Interest rate – oil convenience yield = forward yield

Interest rate + storage convenience yield = forward yield

The re-work follows (this is pretty long):

Let:

p = oil spot price

f = oil futures price

i = interest

Then, apart from convenience yield of either type or storage cost of normal type, arbitrage suggests:

f – p = i

i.e.

forward yield = interest (or interest rate when expressed in terms of 1/p)

Oil Convenience Yield

The convenience yield on oil is the expected profit from trades that are expected to benefit from upside volatility in spot oil and the spread (p – f). The trader puts on a position of long spot oil, short oil futures. The short futures position hedges the long spot position against directional downside price risk. In option terms, the trader is long spot volatility, short future delta. The trade is long the spread position (p – f), which is the same as short the spread position (f – p), or short the forward yield.

Since the trader is short the forward yield, he profits if volatility reduces that spread – i.e. if volatility moves the spread marginally in the direction of backwardation.

There are three sources of price impact associated with this trade, all of them driving the spread in the same direction:

a) Marginal backwardation associated with putting on the marginal trade (long spot; short futures)

b) Cumulative marginal backwardation associated with the degree to which the trade is “in the market”

c) Expected future marginal backwardation associated with any individual trader’s proprietary view of the spread, and his expectation that the future spread will moved favourably beyond what is already reflected in market pricing

The degree to which forward yield arbitrage is affected by oil convenience yield at any point in time is an indicator of effect b) above.
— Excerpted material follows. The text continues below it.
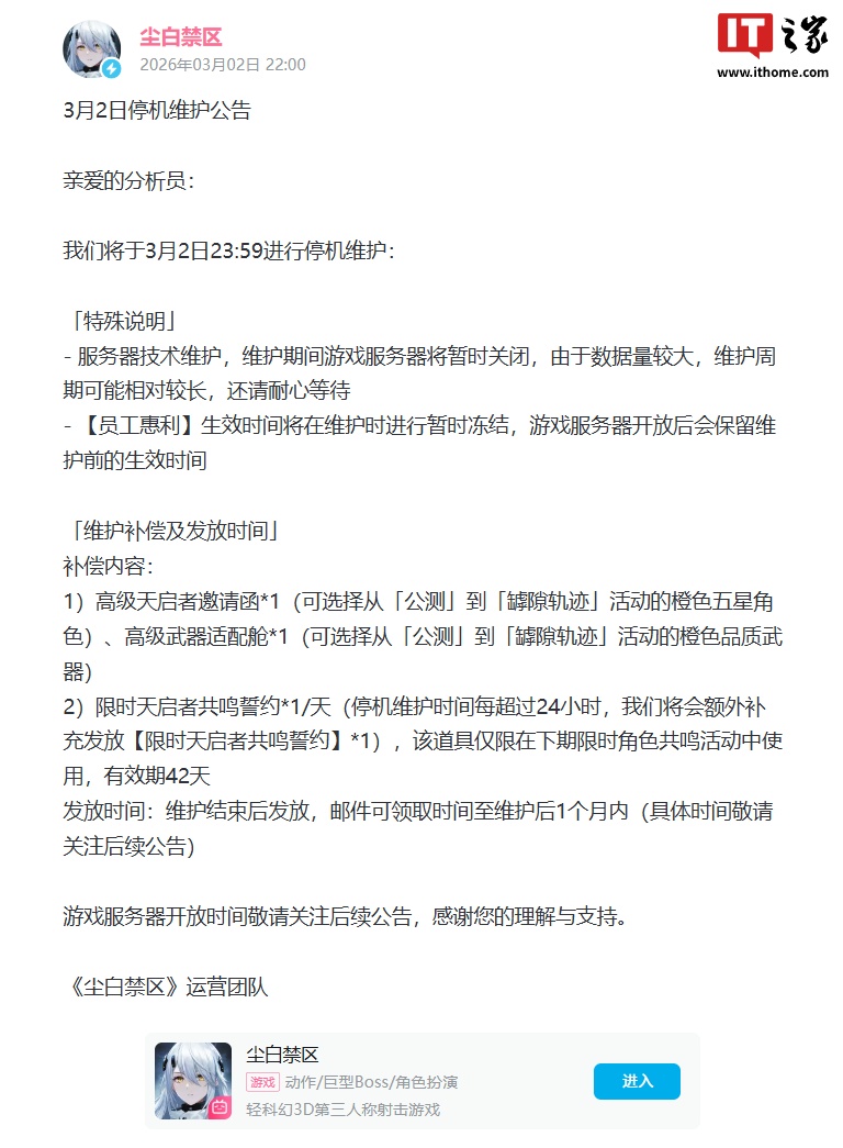 IT之家 3 月 3 日消息,西山居《尘白禁区》昨晚发布停机维护公告,宣布本作在 3 月 2 日 23:59 进行停机维护:

Oil convenience yield in and of itself reflects the expectation of positive spot price volatility and negative forward yield volatility. It is in the market as the equivalent of the premium on an embedded put option on (f – p); i.e. an embedded call option on (p – f). The cost of the option premium (invested by traders) marginally backwardizes the (f – p) spread, and the trader expects to gain from an extension of that move.

So the new arbitrage, including the effect of oil convenience yield, is:

Forward yield = interest rate – OCY (marginal backwardization effect)

Storage Convenience Yield

The convenience yield on storage is the expected profit from trades that are expected to benefit from downside volatility in spot oil and the spread (p – f). The trader has access to unused storage capacity in order to be able to buy spot oil after it spikes downward. The trader puts on a spread position of short spot oil (i.e. unused storage capacity), long oil futures. The long futures position hedges the short spot position against directional upside price risk. In option terms, the trader is short spot volatility, long future delta. The trade is short the spread position (p – f), which is the same as long the spread position (f – p), or long the forward yield.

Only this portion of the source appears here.